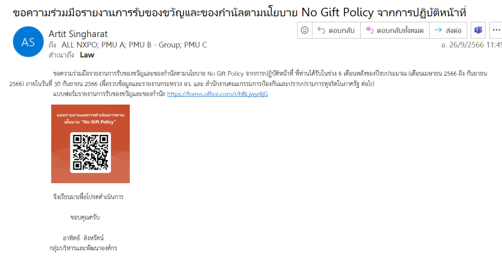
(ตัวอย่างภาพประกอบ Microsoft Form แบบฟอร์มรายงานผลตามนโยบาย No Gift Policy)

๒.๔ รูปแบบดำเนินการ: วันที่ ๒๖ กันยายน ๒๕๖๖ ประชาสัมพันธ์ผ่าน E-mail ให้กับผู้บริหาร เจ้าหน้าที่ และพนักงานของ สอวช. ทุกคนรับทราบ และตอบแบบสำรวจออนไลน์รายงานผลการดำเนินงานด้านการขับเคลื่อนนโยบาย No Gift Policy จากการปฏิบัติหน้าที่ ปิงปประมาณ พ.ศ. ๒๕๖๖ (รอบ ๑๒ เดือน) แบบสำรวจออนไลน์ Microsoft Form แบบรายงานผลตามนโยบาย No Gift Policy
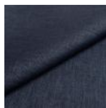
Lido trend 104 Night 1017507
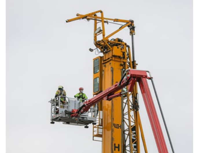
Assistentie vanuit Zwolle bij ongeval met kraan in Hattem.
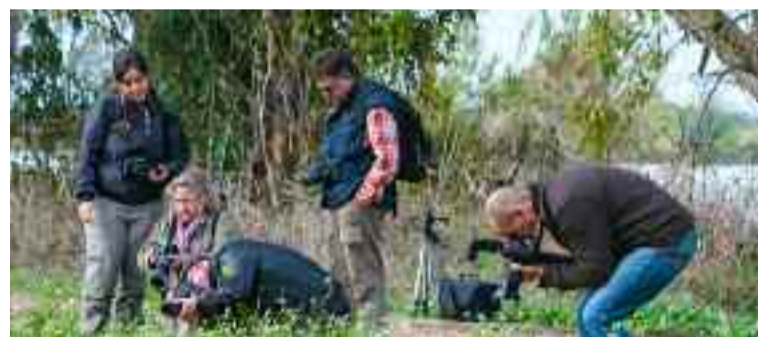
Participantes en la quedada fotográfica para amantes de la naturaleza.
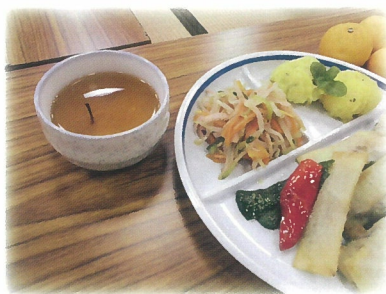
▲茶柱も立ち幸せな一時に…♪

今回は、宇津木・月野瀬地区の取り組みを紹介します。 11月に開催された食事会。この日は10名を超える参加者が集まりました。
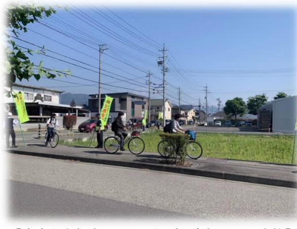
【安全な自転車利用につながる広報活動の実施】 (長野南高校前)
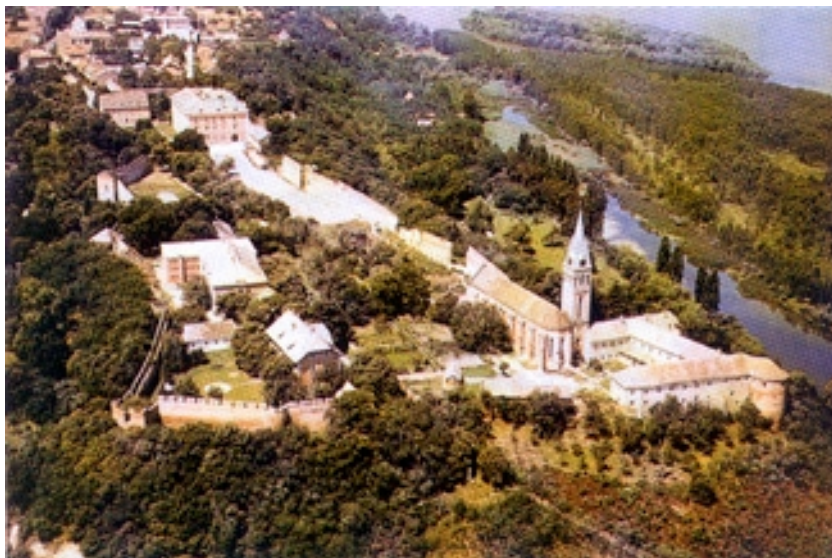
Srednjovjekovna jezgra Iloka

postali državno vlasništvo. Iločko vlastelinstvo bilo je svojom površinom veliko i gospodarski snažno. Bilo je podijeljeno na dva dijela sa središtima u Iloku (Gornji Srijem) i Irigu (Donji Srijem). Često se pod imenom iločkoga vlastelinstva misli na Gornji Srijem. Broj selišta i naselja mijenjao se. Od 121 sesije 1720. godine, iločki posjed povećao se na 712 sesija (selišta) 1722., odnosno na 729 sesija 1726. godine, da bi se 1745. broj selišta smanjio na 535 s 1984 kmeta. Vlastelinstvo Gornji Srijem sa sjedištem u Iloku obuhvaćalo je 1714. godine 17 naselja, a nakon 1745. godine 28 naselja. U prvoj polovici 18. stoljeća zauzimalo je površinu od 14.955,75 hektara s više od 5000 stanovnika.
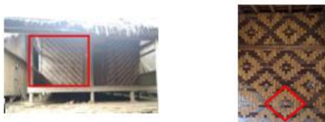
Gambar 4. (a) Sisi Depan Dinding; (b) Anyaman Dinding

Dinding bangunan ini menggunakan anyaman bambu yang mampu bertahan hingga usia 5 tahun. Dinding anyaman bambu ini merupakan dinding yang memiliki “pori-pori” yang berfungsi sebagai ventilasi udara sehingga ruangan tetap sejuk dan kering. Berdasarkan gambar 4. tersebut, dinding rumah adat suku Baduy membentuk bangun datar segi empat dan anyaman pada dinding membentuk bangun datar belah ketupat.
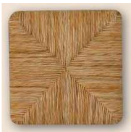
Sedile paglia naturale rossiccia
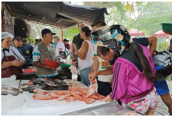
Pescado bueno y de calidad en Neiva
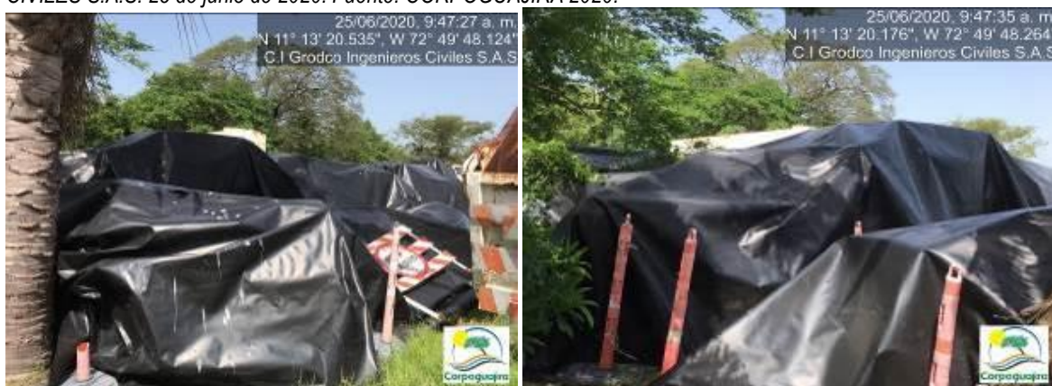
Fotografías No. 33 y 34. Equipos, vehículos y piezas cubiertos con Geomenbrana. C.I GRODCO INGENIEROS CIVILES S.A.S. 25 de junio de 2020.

__TASK DETAILS__
Word for word, restate the records above and drop the pictures.

__RESPONSE FOR THIS EXERCISE__
(ตัวอย่างภาพประกอบ Microsoft Form แบบฟอร์มรายงานผลตามนโยบาย No Gift Policy)

๒.๔ รูปแบบดำเนินการ: วันที่ ๒๖ กันยายน ๒๕๖๖ ประชาสัมพันธ์ผ่าน E-mail ให้กับผู้บริหาร เจ้าหน้าที่ และพนักงานของ สอวช. ทุกคนรับทราบ และตอบแบบสำรวจออนไลน์รายงานผลการดำเนินงานด้านการขับเคลื่อนนโยบาย No Gift Policy จากการปฏิบัติหน้าที่ ปิงปประมาณ พ.ศ. ๒๕๖๖ (รอบ ๑๒ เดือน) แบบสำรวจออนไลน์ Microsoft Form แบบรายงานผลตามนโยบาย No Gift Policy
Lido trend 104 Night 1017507
Assistentie vanuit Zwolle bij ongeval met kraan in Hattem.
Participantes en la quedada fotográfica para amantes de la naturaleza.
▲茶柱も立ち幸せな一時に…♪

今回は、宇津木・月野瀬地区の取り組みを紹介します。 11月に開催された食事会。この日は10名を超える参加者が集まりました。
【安全な自転車利用につながる広報活動の実施】 (長野南高校前)
Srednjovjekovna jezgra Iloka

postali državno vlasništvo. Iločko vlastelinstvo bilo je svojom površinom veliko i gospodarski snažno. Bilo je podijeljeno na dva dijela sa središtima u Iloku (Gornji Srijem) i Irigu (Donji Srijem). Često se pod imenom iločkoga vlastelinstva misli na Gornji Srijem. Broj selišta i naselja mijenjao se. Od 121 sesije 1720. godine, iločki posjed povećao se na 712 sesija (selišta) 1722., odnosno na 729 sesija 1726. godine, da bi se 1745. broj selišta smanjio na 535 s 1984 kmeta. Vlastelinstvo Gornji Srijem sa sjedištem u Iloku obuhvaćalo je 1714. godine 17 naselja, a nakon 1745. godine 28 naselja. U prvoj polovici 18. stoljeća zauzimalo je površinu od 14.955,75 hektara s više od 5000 stanovnika.
Gambar 4. (a) Sisi Depan Dinding; (b) Anyaman Dinding

Dinding bangunan ini menggunakan anyaman bambu yang mampu bertahan hingga usia 5 tahun. Dinding anyaman bambu ini merupakan dinding yang memiliki “pori-pori” yang berfungsi sebagai ventilasi udara sehingga ruangan tetap sejuk dan kering. Berdasarkan gambar 4. tersebut, dinding rumah adat suku Baduy membentuk bangun datar segi empat dan anyaman pada dinding membentuk bangun datar belah ketupat.
Sedile paglia naturale rossiccia
Pescado bueno y de calidad en Neiva
Fotografías No. 33 y 34. Equipos, vehículos y piezas cubiertos con Geomenbrana. C.I GRODCO INGENIEROS CIVILES S.A.S. 25 de junio de 2020.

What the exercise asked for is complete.